HOW TO COMPLETE THIS TASK: Once you find the line with "[시티 레저] CN 원 턱 와이드 밴딩 팬츠 [그레이쉬 베이지]" in the data below, transcribe exactly each line from there to the line with "Дует Ритон –", inclusive, and nothing else. Drop the pictures.

PROVIDED MATERIAL:
##############################
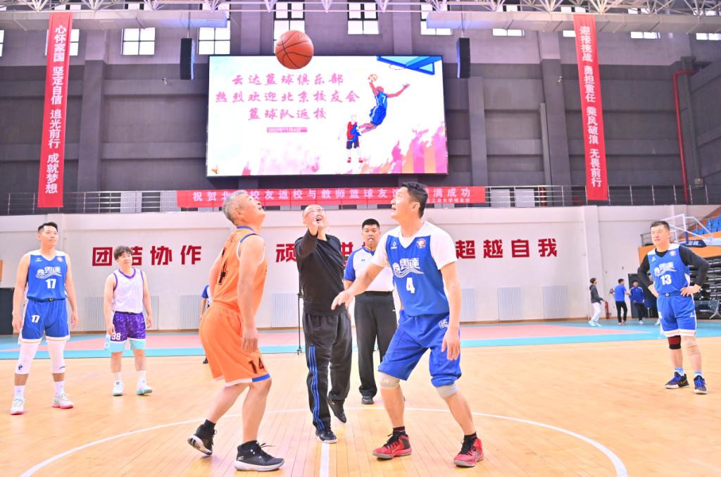 刘利强为比赛开球并代表学校对北京部分校友返回母校表示热烈欢迎。他指出,北京校友分会与母校教职工代表队篮球友谊赛是一项校友与母校交流、增进友谊的传统比赛项目,也是校友回校重温美好青春记忆,增进师生友谊的重要载体。希望校友们返校期间开心愉快,并欢迎校友们常“回家”看看。
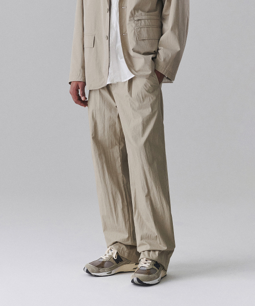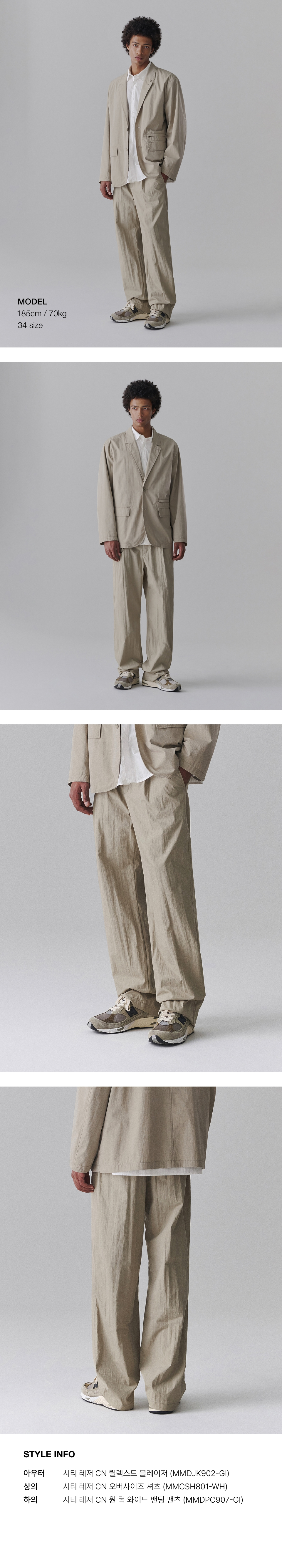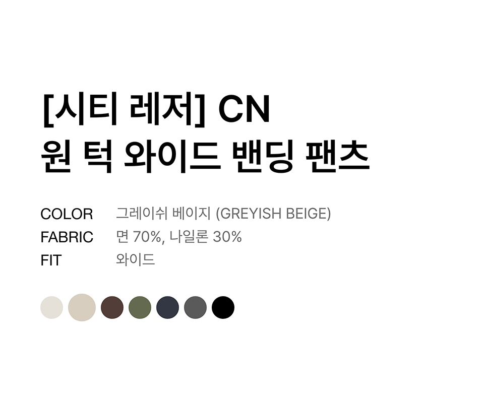 [시티 레저] CN 원 턱 와이드 밴딩 팬츠 [그레이쉬 베이지]
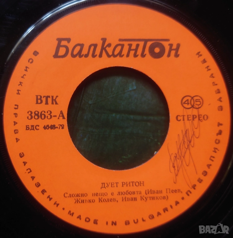 Дует Ритон – Сложно нещо е любовта 7" сингъл ВТК 3863 в отлично състояние, с оригинална обложка. Цена 35.00 лева.
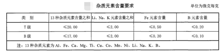 T級石英玻璃管的鋁、鐵、鈣、鎂、鈦、銅、鈷、錳、鎳、鋰、鈉、鉀、硼十三種雜質元素的總含量應不大于30.00x10-6,其中:鐵含量應不大于1.50x10-6,鈦含量應不大于3.00x10-6,銅含量應不大于0.80x10-6,硼含量應不大于0.20x10-6,鋰、鈉、鉀總含量應不大于5.00x10-6。
##############################
RESULT OF THIS TASK:
 [시티 레저] CN 원 턱 와이드 밴딩 팬츠 [그레이쉬 베이지]
 Дует Ритон – Сложно нещо е любовта 7" сингъл ВТК 3863 в отлично състояние, с оригинална обложка. Цена 35.00 лева.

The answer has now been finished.